Wednesday, November 28, 2007
I had this issue twice tonight, neither conversation lasted more than 20 messages total. So, why should I add him to msn if he can't keep me entertained/be entertained by me for more than a couple minutes?
Monday, November 26, 2007
Alright, so the presentation worked out. Next is the paper for that class. And the mini assignments, and the final exam, and the presentation for the other class, and the final, and the paper for that other class. Then it's over. Forever. And concentration can shift. From the present, to the future. To the move, and the new life.
Ah, the move. Can't wait. Change. A new start. Now I just need a place to live and a car. Then I'll be set. Move date is mid-January. Moving out of my place as soon as it sells or rents.
Saturday, November 17, 2007
I move to Calgary as soon as possible. I'm going to try and move over the new year, but there are too many variables right now. I have a job there, Office Manager for the Calgary branch of my current department. I will be assisting two guys with paper work, and one of them is retiring soon. I will have to brainwash myself into liking it.
The well thought out Saskatchewan plans fell through for a couple reasons. First, I did not get the land that I wanted. Someone apparently outbid me, and that was that. Also, I visited my family in Calgary and realized that I wanted to be closer to them instead. So, to Calgary I go.
I'm selling my previously discussed motorbikes. They are currently in my parents basement, but in the spring, I will hopefully have people happy to haul them away for me. I am, of course, replacing the bikes with a better one. It's going to be custom painted for me, and should be nice and fast.
While school is almost done, there is a lot that I still have to do before I can graduate. Most of this is being pushed back, as per usual. This time, instead of cleaning my house (that's being procrastinated on too), I'm reading a blog. It's highly entertaining. Some of the writings come across as being fact, but it is all her rantings and ravings. After surfing randomly for a while, I decided to start at the beginning and read her life story. I am currently just starting February 2007.
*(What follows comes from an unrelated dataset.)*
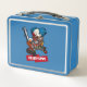 A crazy clown on a metal lunch box. Use "Personalize this template" to tweak the "KILLER CLOWN" text and create a unique, customized item. Featuring a blue haired clown character with red nose and striped outfit carrying an orange chainsaw. A villain in the tradition of horror films and Halloween.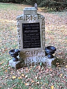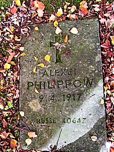 Stehender schlichter großer Sandstein mit Kyrillischem Text, darunter: Hier ruht in Gott…

I’ve never been a happy person, this is no secret. I’ve never been really suicidal, but I can’t say that I’ve never seriously thought about it. Recently, I had the opportunity to shoot a gun. I managed to harass and cajole my way into watching the officers in my unit do their recertification, and then they handed me the gun. Ok, so they gave me tips, and one of the officers administering the testing explained how to do everything while the other guys were doing their test. I know how to hold a handgun, and how to aim it properly, and how to pull the trigger so the bullet goes where I want it to go. Anyway, so, after an hour and a half of watching the boys shooting, and asking questions and getting well explained answers, I am told that I can go into the range area. I put on goggles and ear protection. Mike shows me how to hold the gun properly, and then hands it over. The gun is loaded with live ammunition (9mm Luger bullets). It’s a 9mm Smith and Weston standard issue RCMP service pistol, complete with the RCMP logo stamped in the side. It was weird, after all these years, having a real gun, in my hand, loaded, with 5 real bullets. It was a detached feeling. Anyway, I got over my feeling, and aimed carefully. And slowly, very very slowly, pulled the trigger. I felt a rush of air hit my goggles, and my hands snapped back a little, and there was a little hole in my target. This hole was pretty much exactly where the guys heart was. If my target had been a guy quietly standing there, waiting to be shot, I would have killed him in the one shot. I got 4 shots in the small center target, two in the arm, and the rest kind of clustered around the heart area. After all 15 shots, my arms were tired. My muscles even hurt for a few days afterwards.